Vergangenes Jahr zum Beispiel waren zumindest die Nebenhallen überwiegend in der Hand chinesischer Aussteller. Dort bot sich den Besuchern ein Bild, das einen an einen Großelektronikladen à la Mediamarkt nach Geschäftsschluss erinnerte. Gelangweilte Hostessen, lieblos dekorierte Stände, plump anmutende I-Pod-Imitationen und auch den Flachbildschirmen der chinesischen Hersteller fehlte diese geschmeidigen Eleganz, die der Konsument normalerweise von diesen modernen Fernsehgeräten erwartet.
"Die Technik konnte durchaus mit japanischen und US-amerikanischen Produkten mithalten", bewertet der Berliner Produktdesigner Norbert Wiesener die chinesischen Waren des vergangenen Jahres. Am Design haperte es hingegen noch ganz gewaltig. Einen großen Durchbruch erwartet der Designer von den chinesischen Anbietern auch in diesem Jahr nicht.
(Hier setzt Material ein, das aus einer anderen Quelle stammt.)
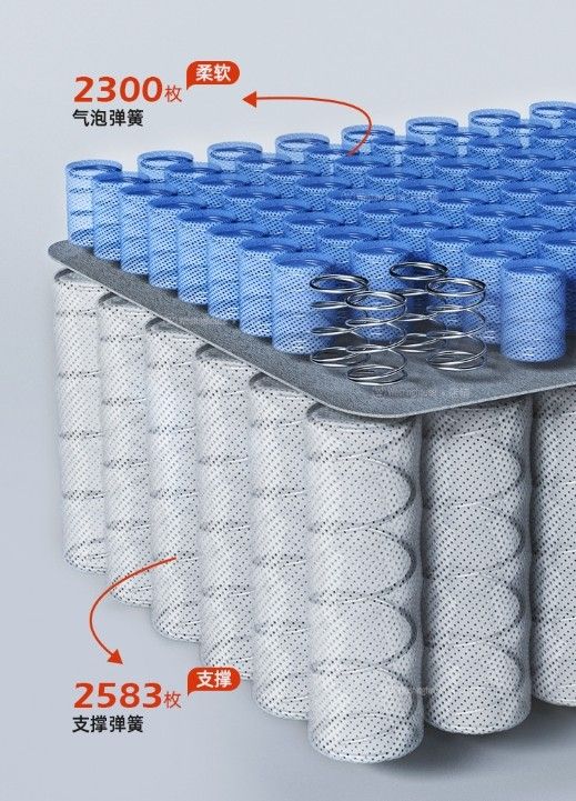 西屋床垫S3,是首个拥有4883枚独立袋装弹簧的高端床垫品牌。众所周知,行业上的高端床垫在同等价位的基础上,最多配置800-1000枚左右的弹簧数量,而西屋床垫S3,4883枚的配置是由2300枚气泡弹簧和2583枚独立袋装支撑弹簧组成,一方面实现柔软缓压的效果,另一方面提供强力支撑着人体脊椎,这种配置正如像素点系统,像素点越小,则缝隙越小,支撑效果越强大。同时能够自动感应识别人体部位曲线,更好的与脊椎相贴合,能够保证脊椎的自然弯曲,将人体重量的压力均匀分散在每一个弹簧上,保证舒适睡觉姿势,大大减少翻身次数。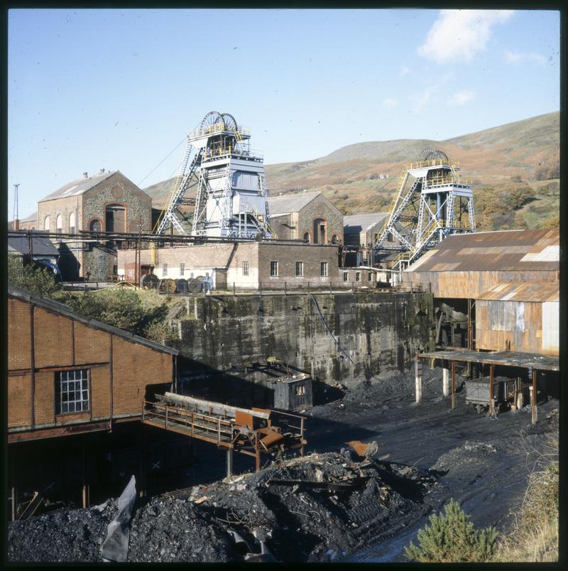 Black and white film negative showing a general surface view of Oakwood Colliery, photographed from a publication. 'Oakwood Colliery' is transcribed from original negative bag.

Doch ist das nur die eine Seite der chinesischen Hersteller. Obwohl "Made in Japan" oder "Made in Germany" drauf steht - auch bei den durchgestylten Markenprodukten handelt es sich streng genommen um chinesische Produkte. "Jede vierte Komponente stammt inzwischen aus China", sagt Firmenvertreter Peng. Das betreffe auch hochwertige Qualitätswaren von Apple, LG oder Sony. "Gerade was die Unterhaltungselektronik betrifft, ist der Ruf chinesischer Waren schlechter als die tatsächliche Qualität", bestätigt ein deutscher Branchenkenner, der mit Namen nicht in der Zeitung stehen möchte. Längst werden die Geräte nicht mehr nur zusammengeschraubt und montiert. Hochwertige Plasmabildschirme, noch vor wenigen Jahren Domänen japanischer, taiwanesischer und südkoreanischer Firmen, rollen in gigantischen Montagehallen inzwischen in China vom Band.
Und noch etwas hat Peng beobachtet: In China selbst zeichnet sich seit einiger Zeit ein Bewusstseinswandel ab. "Mit zunehmendem Wohlstand steigt auch das Qualitätsbewusstsein der Chinesen." Er zitiert eine chinesische Studie, aus der hervorgeht, dass die Löhne der I-Pod-Schrauber und Kabelbinder allein 2006 um 11,5 Prozent gestiegen sind. Dies habe Auswirkungen auf die Struktur der chinesischen Produkte insgesamt, sagt Peng. "Auch in China sind die Konsumenten zunehmend genervt von billig kopierter Ramschware."